Enterprise RAG Architect

The Enterprise RAG Architect

What Is This Program?

Students move beyond simple "chat with a PDF" scripts to building a production-ready Knowledge Engine. Focus on handling high-volume, unstructured document sets (10,000+ pages) while maintaining high accuracy.

Who Is It For?

Data engineers and AI practitioners aged 16+ building scalable enterprise knowledge solutions.

What Will I Learn?

Vector Databases (Pinecone, Milvus), Data Ingestion (Unstructured.io), Orchestration (LlamaIndex), and Evaluation (Ragas/TruLens).

Pre-Requisites

JSON & Dicts, API Fundamentals, Basic Database Logic.

Dates

Session 1: July 6 - July 17, 2026
Session 2: August 3 - August 14, 2026 (EN)

Language

This course is offered in both English or Chinese. Check the dates for your language preference.

Tuition & Fees

Tuition: NT$XX,000
Deposit: NT$2,000
Early Bird Deal: Save 15% (Book by March 1st)

Core Tech Stack

Vector Databases

Pinecone, Milvus, or Qdrant for scalable, high-speed similarity search.

Data Ingestion

Unstructured.io or Docling for parsing complex PDFs, tables, and nested headers.

Orchestration

LlamaIndex (specialized for data-heavy RAG) or LangChain.

Evaluation

Ragas or TruLens to mathematically score retrieval accuracy and faithfulness.

Curriculum

Week 1: Data Engineering & Indexing

Day	Topic	Hands-On Activity
01	Data Ingestion	The Parser Lab: Using Unstructured.io to extract clean text.
02	Semantic Chunking	Context-Aware Splitting: Recursive Character Splitting.
03	Metadata Enrichment	The Tagging Engine: Tagging chunks with source data.
04	Table & Image Parsing	Vision-RAG: Converting diagrams/tables to text summaries.
05	The Vector Infrastructure	Scaling the Index: Bulk upserts of 10k+ documents.

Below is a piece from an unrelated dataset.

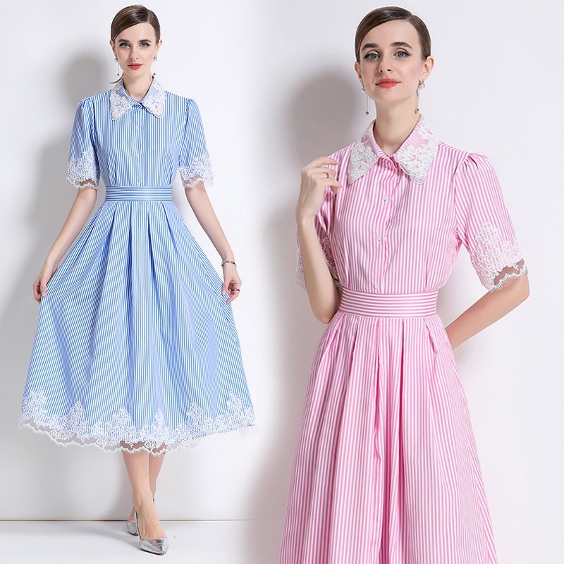 ブルーデザインレース半袖ストライプシャツスーツレディース夏プリーツAラインスカート2点セット

Week 2: Advanced Retrieval & Production

Day	Topic	Hands-On Activity
06	Hybrid Search	Keyword + Semantic: Combining Vector Search with BM25.
07	Hierarchical Indexing	Parent-Child Retrieval: Searching small chunks, feeding larger context.
08	Query Transformation	HyDE & Multi-Query: Expanding user questions.
09	Production Optimization	Reranking & Caching: Cross-Encoders and Redis/GPTCache.
10	Evaluation & Grounding	The Accuracy Audit: Using Ragas or TruLens.